Child rights body takes note


A TEHELKA story sounded alarm bells about the state of child actors, and now the NCPCR has issued a revised set of guidelines

Wake-up call? TEHELKA’s story on child actors appeared in May

EARLIER THIS year, TEHELKA carried a story on child actors in the Indian television industry (Sets, Lies and Homework, 14 May 2011). In the story, Nishita Jha explored the lives of four child actors (Ulka Gupta ofJhansi Ki Rani, Jannat Rahmani of Phulwa, Ashnoor Kaur of Shobha Somnath Ki and Rahul Pendkalkar, who has appeared in over 11 television serials, 11 feature films and 70 commercials). TEHELKA spoke to their families, colleagues and agents to get a sense of the precarious balance between childhood and adult professionalism that these children occupy. The story highlighted the facts that child actors often miss out on a significant portion of their education, undergo various physically and emotionally stressful situations, and lose their innocence in the race to earn bigger and bigger salaries for their parents. The worrying aspects of the story were that these child artistes rarely join the industry of their own volition, and that gruelling shooting schedules can be seen as being exploitative, especially since the children themselves are unable to access their own salaries.

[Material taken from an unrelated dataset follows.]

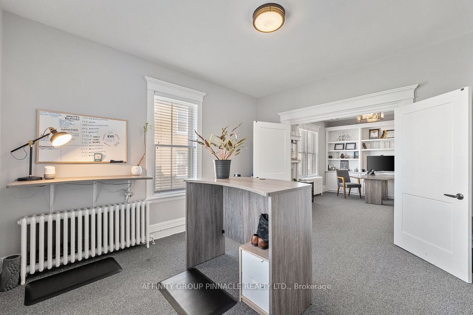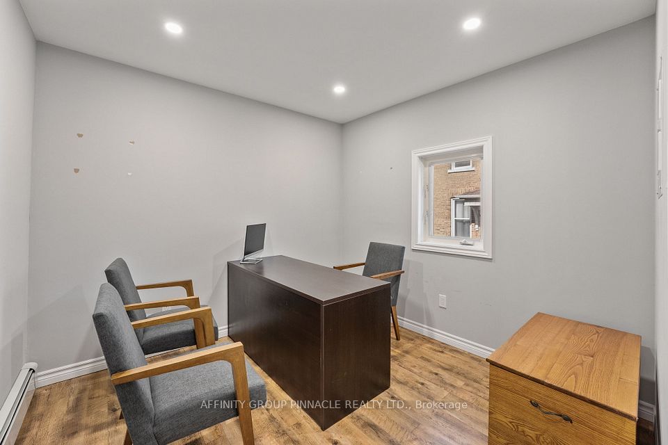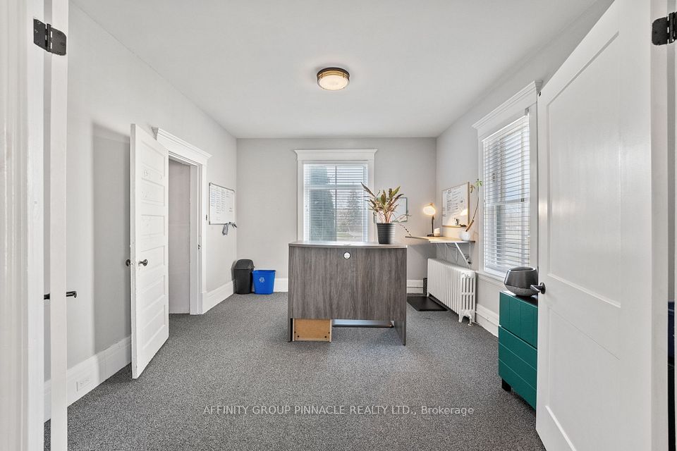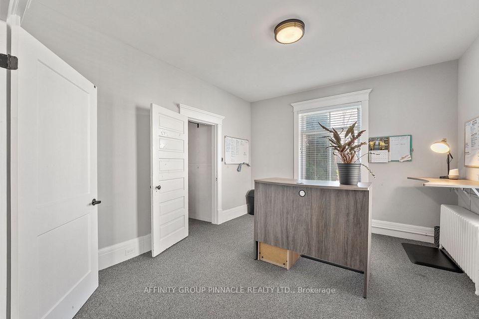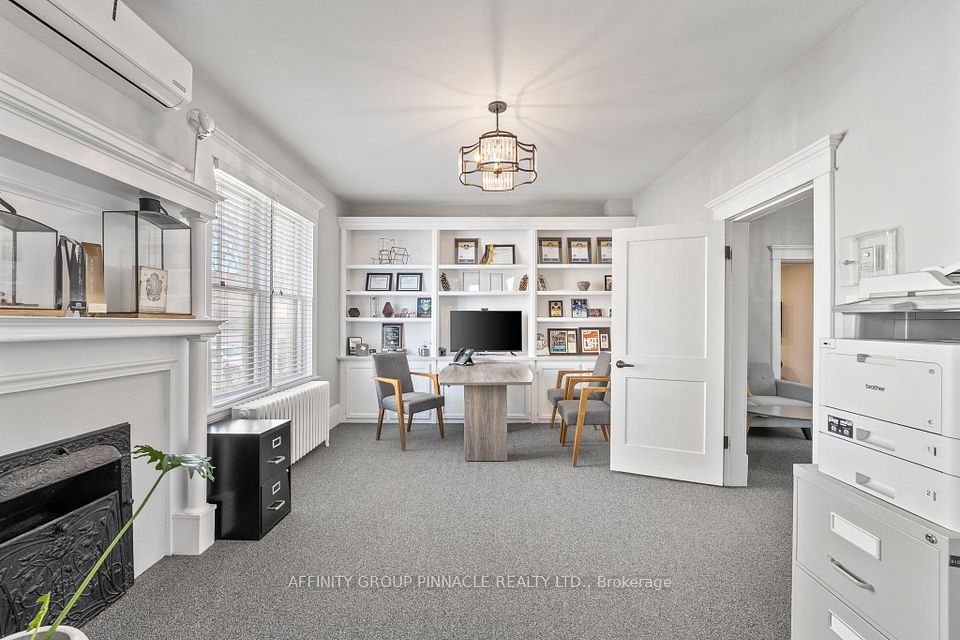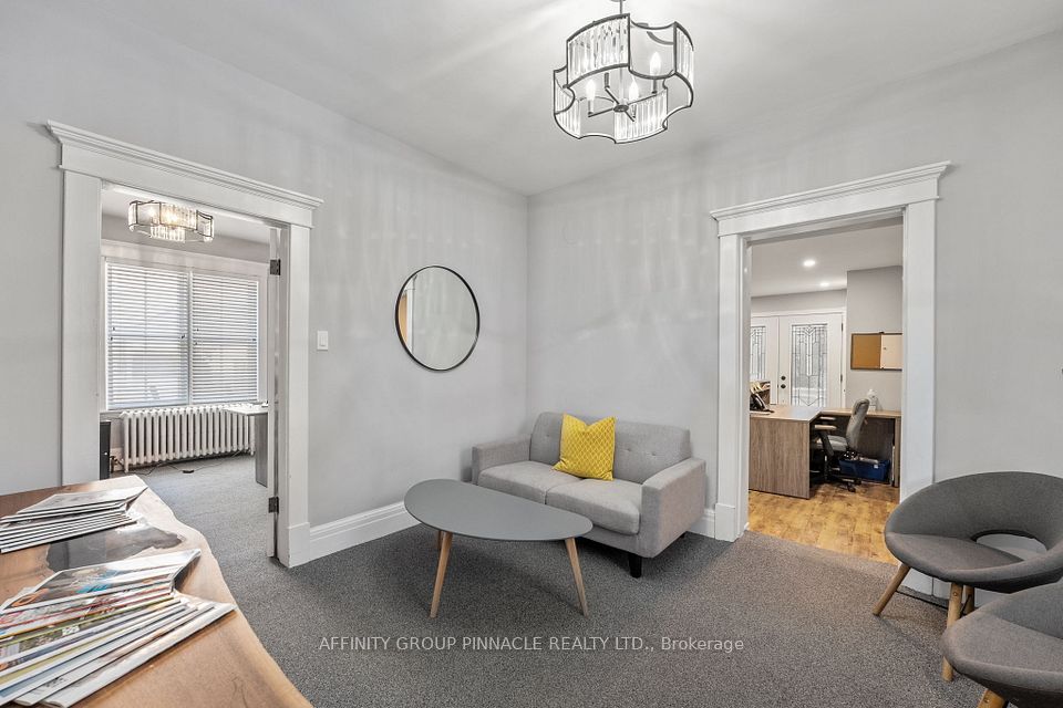 Welcome to this versatile mixed-use Building (MRC Zoning) with modern finishes and exceptional visibility, offering a unique opportunity for business owners, investors, or live-work entrepreneurs looking for an office space or studio. The main level is thoughtfully designed with a warm and inviting reception area, complete with a stylish 2-piece bath and convenient wet bar. Two private office spaces provide quiet, focused work environments, while the spacious, open-concept area is ideal for team collaboration or client meetings. With double doors, this versatile space can also serve as additional private offices if needed. Downstairs, the finished basement includes a full 4-piece bathroom and a flexible area thats ideal as a staff lunchroom, storage space, or bonus workspace. Upstairs, discover an oversized 1-bedroom, 1-bath apartment. With its own private entrance, this self-contained unit boasts a spacious living area, in-suite laundry, a fabulous finished loft space and separate hydro meter. One gas/water meter for whole building. Additional highlights include wheelchair-accessible rear entry, ample client parking, and a professional yet welcoming atmosphere throughout. Don't miss this rare opportunity to own a stylish, multi-functional property thats as practical as it is impressive.

Last week, the National Commission for Protection of Child Rights (NCPCR) issued a revised set of guidelines for child actors in the television industry. The revised guidelines state: “Children, unlike their adult counterparts, should not be expected to handle the strenuous, emotional and physical stress of the industry.” The directives to the Ministry of Information and Broadcasting include the following, all of which were first pointed out in TEHELKA’s story: No child should be cast in a role or situation that is inappropriate to the child or that may distress him/her or put him/her in embarrassing situations; no child should be put in distressing situations to obtain a more realistic depiction of an emotional reaction. There should be age-appropriate regulation on the number of hours a child can shoot in a day. The participation of children in recorded or live entertainment programmes should preferably be done on holidays so that the child does not miss school. Further, travel arrangements should be made for the child and no child should be allowed to travel without his/her parent or another person authorised in writing by the parent of the concerned child. Finally, to exclude all possibilities of financial manipulation, a minimum of 50 percent of the payment must be set aside for children in fixed deposits or bonds that mature when they reach the age of 18 years.